The commune was known alternatively as Fontenay-les-Bois (meaning "Fontenay by the woods"), Fontenay-sur-le-Bois (meaning "Fontenay over the wood"), or Fontenay-sous-Bois (meaning "Fontenay under wood"), but eventually in the early 19th century the latter name of Fontenay-sous-Bois became the only name.

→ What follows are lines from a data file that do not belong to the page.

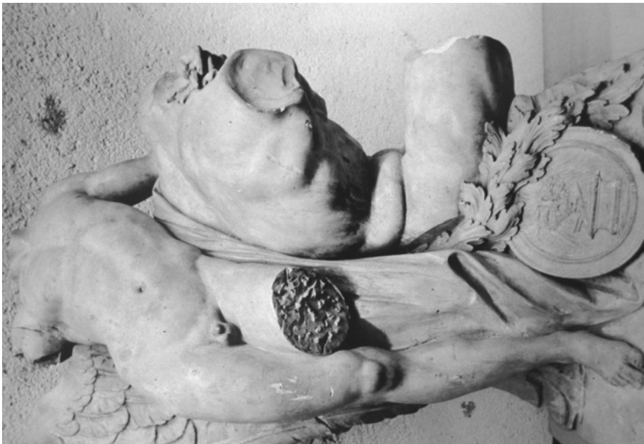
Fig. 3. Roberto Michel. El Genio de la Escultura . Real Academia de Bellas Artes de San Fernando, Madrid. E-299.
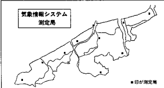
気象情報システム測定局

市街地の雨水は、主に道路側溝から下水道管を経てポンプ場から信濃川や阿賀野川に放流されるため、ポンプの運転は、浸水被害に大きな影響を与えます。気象情報システムの導入により、全市の降雨状況が画面に表示されるため、ポンプの運転操作が迅速・合理的に行えるメリットがあります。
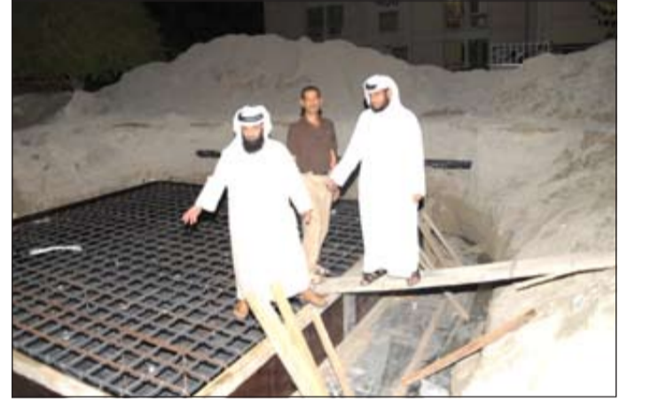
النائب وعضو المجلس البلدي في موقع تركيب البرج غير المرخص

وأكد أن الموقع الذي تم وضع البرج فيه سيخصص للمشاريع
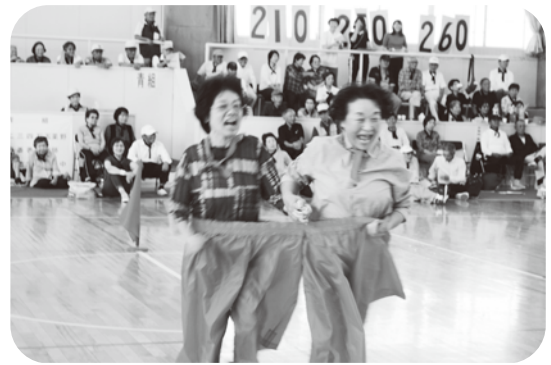
▲息ピッタリのデカパン競争
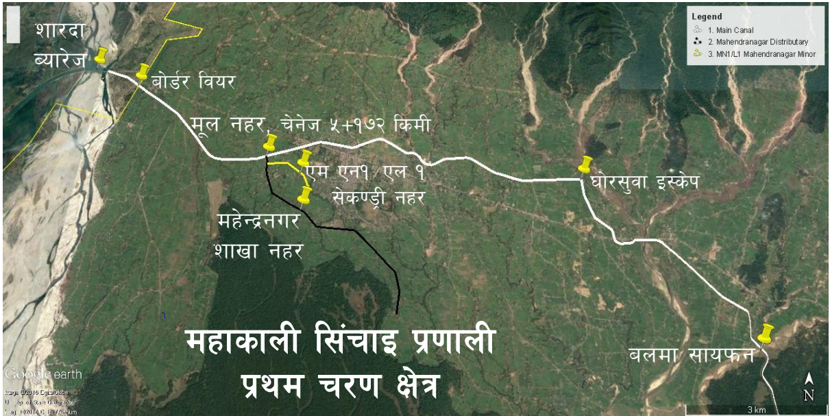
चित्र १ : महाकाली सिंचाइ प्रणाली प्रथम चरणको मूलनहर र महेन्द्रनगर शाखा नहर तथा एम एन १/एल १ सेकण्ड्री नहरको नक्शा

महेन्द्रनगर शाखा नहर महाकाली सिंचाइ प्रणाली प्रथम चरण क्षेत्रको ब्लक बी मा पर्दछ । यस शाखा नहरको चेनेज ०+२०० किलोमीटरबाट देब्रेपट्टि पूर्वतिर एकमात्र सेकण्ड्री नहर एम एन १/एल १ निस्केको छ । यस शाखा नहर उप-प्रणाली अन्तर्गत १८ वटा टर्सरी नहरहरू रहेका छन् । महेन्द्रनगर शाखा नहरको चेनेज ०+०२० किलोमीटरमा देब्रेपट्टि एउटा गेट नभएको आउटलेट र चेनेज ०+८८० किलोमीटरमा दाहिनेपट्टि एउटा तथा चेनेज ३+६२० किलोमीटरमा देब्रेपट्टि एउटा अर्को गरी दुईटा गेट भएको आउटलेटहरू रहेका छन् । एम एन १/एल १ सेकण्ड्री नहरको पुछारतिर महेन्द्रनगर बजार क्षेत्रमा पर्ने दुईवटा टर्सरी नहरहरू बन्द रहेका छन् ।
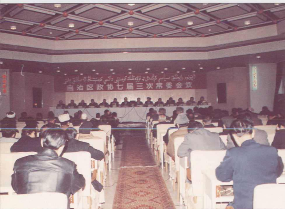
◀1993年12月15日,新疆自治区政协七届三次常委会委员听取自治区党委副书记、自治区副主席王乐泉关于新疆经济形势的通报
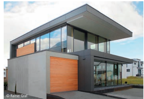
1300-0240 Einfamilienhaus, Büro - Effizienzhaus 40 PLUS Seite 106
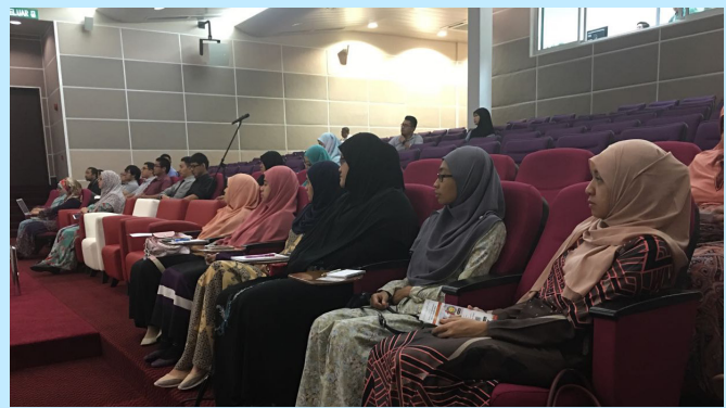
ANTARA peserta Program Perkampungan Sivik yang mendengarkan taklimat tersebut.
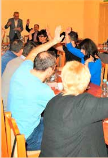
Część radnych chce, aby obrady były transmitowane

na promocję, miasto nie będzie mogło zapewnić godnej oprawy tych obchodów. Będziemy także musieli ograniczyć wsparcie finansowe imprez i wydarzeń, organizowanych przez działające w Ozorkowie stowarzyszenia, kluby, placówki i instytucje, jak np. Księżycowy cross, organizowany przez Monar, Piknik Integracyjny i Konkurs Szopek Bożonarodzeniowych, organizowane przez PSLCnP, Supermaraton, organizowany przez MDK, Festiwal Dialogi i Ozodance organizowane przez MOK, by wymienić tylko kilka. Środki z promocji były przeznaczane też np. na zakup nagród, medali, pucharów itp. dla dzieci i młodzieży uczestniczących w różnego rodzaju konkursach, turniejach itp. organizowanych przez placówki oświatowe i organizacje pozarządowe. W związku ze zmniejszeniem kwoty na działania promocyjne, będziemy musieli
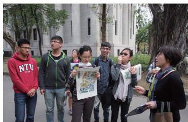
都市博物學家計畫調查公園物候

臺灣重要樹種 - 「樟樹」能煉製樟腦與其他相關產品。日據時代靠外銷樟腦賺大錢，也影響臺灣當時社會發展與環境生態。課程由穿越到現代的製腦工頭「腦長」，透過徵選「腦丁」，帶大家從各方面體驗如何當一個「腦丁」，了解從樹變腦的過程，樟腦的各項用途，進而討論煉製樟腦對臺灣當時社會文化與生態的影響。
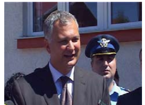
Министар одбране РС Драган Шутановац

Модел сарадње Војске Србије и Града Ниша репрезентативни је пример сарадње Министарства одбране и локалних самоуправа, рекао је градоначелник Ниша и додао да ће после завршене процедуре размене непокретности коначно у пуној мери бити стављено у функцију земљиште у касарни "Бубањски хероји" површине 15 ха. Град Ниш још једном ће потврдити свој пример добре праксе у сарадњи са Владом Србије реализацијом нових пројеката
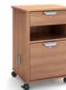
Nachtisch vitalia 2
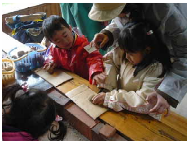
【 種イモの切り分け作業 】
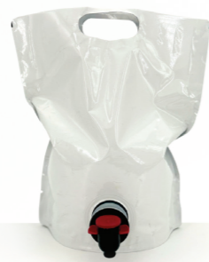
RECHARGE ONE I y Hélios 2,2 L
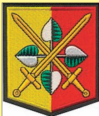
Správa hl. m. Prahy
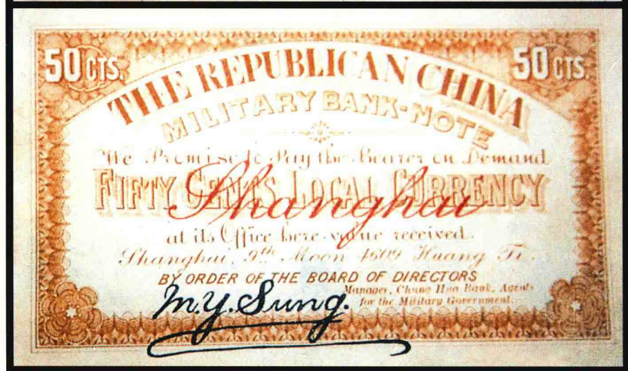
图版十三 黄帝纪元中华民国军用钞票（五角） （原图 12 × 7.5 厘米）
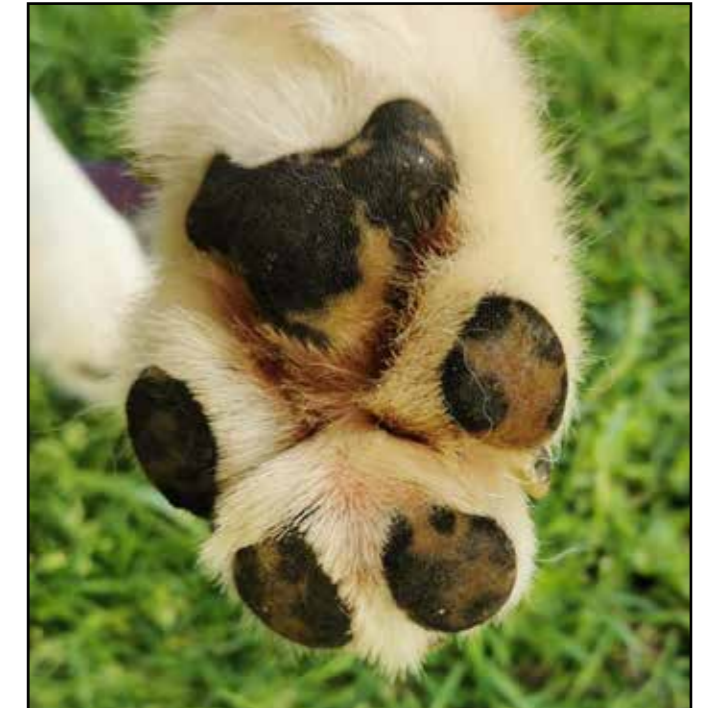
Sommarbild av en naturligt sliten tass efter att ha sprungit på barmark. Tassen är inte klippt. Observera vilken skillnad årstiden gör!
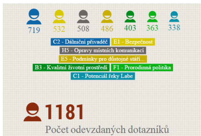
OBRÁZEK 2: VÝSLEDKY ŠETŘENÍ DLE HLASOVÁNÍ OBČANŮ MĚSTA – PŘEHLED NEJVÍCE BODOVANÝCH ROZVOJOVÝCH CÍLŮ

Pozn: Názvy rozvojových cílů(dříve priorit) byly z technických důvodů zkráceny.
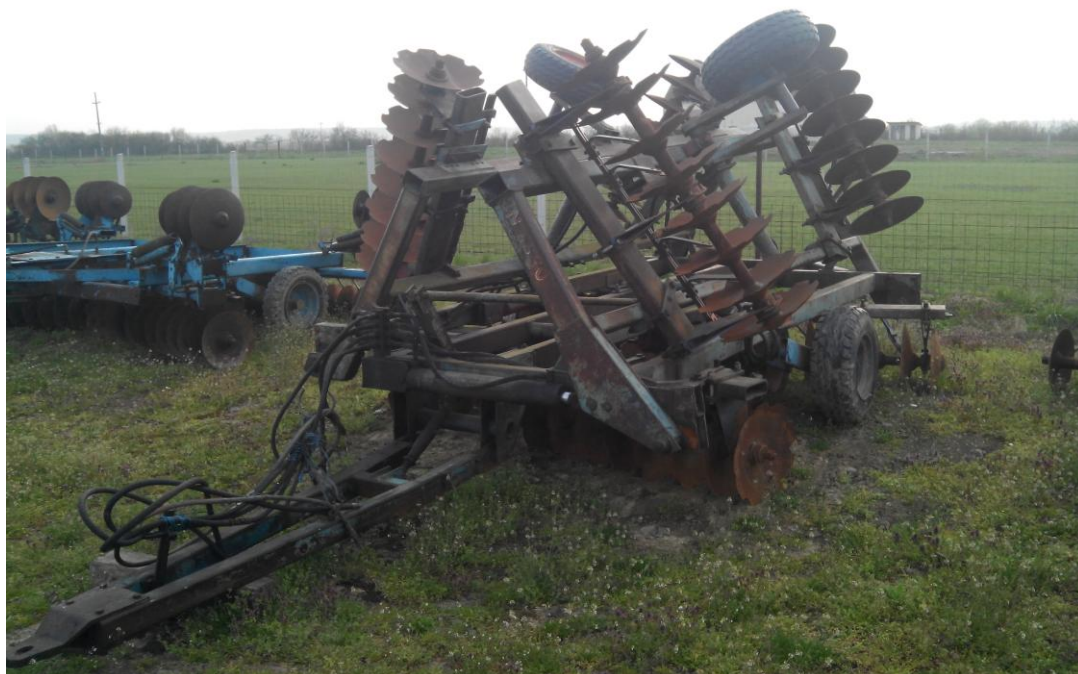
Slika 26. Garažiranje tanjurače na otvorenom prostoru

The wood referred to in the name of the commune is the Bois de Vincennes.

History
In 1929, the commune of Fontenay-sous-Bois lost more than a third of its territory when the city of Paris annexed the Bois de Vincennes, a large part of which belonged to Fontenay-sous-Bois.

Fountain
The Rosettes fountain was lost during World War II. Years later, it was found by chance in a market in the South of France; the town of Fontenay-sous-Bois recovered it, and re-installed it in the place where it can be seen today.

Transport
Fontenay-sous-Bois is served by Fontenay-sous-Bois station on Paris RER line A.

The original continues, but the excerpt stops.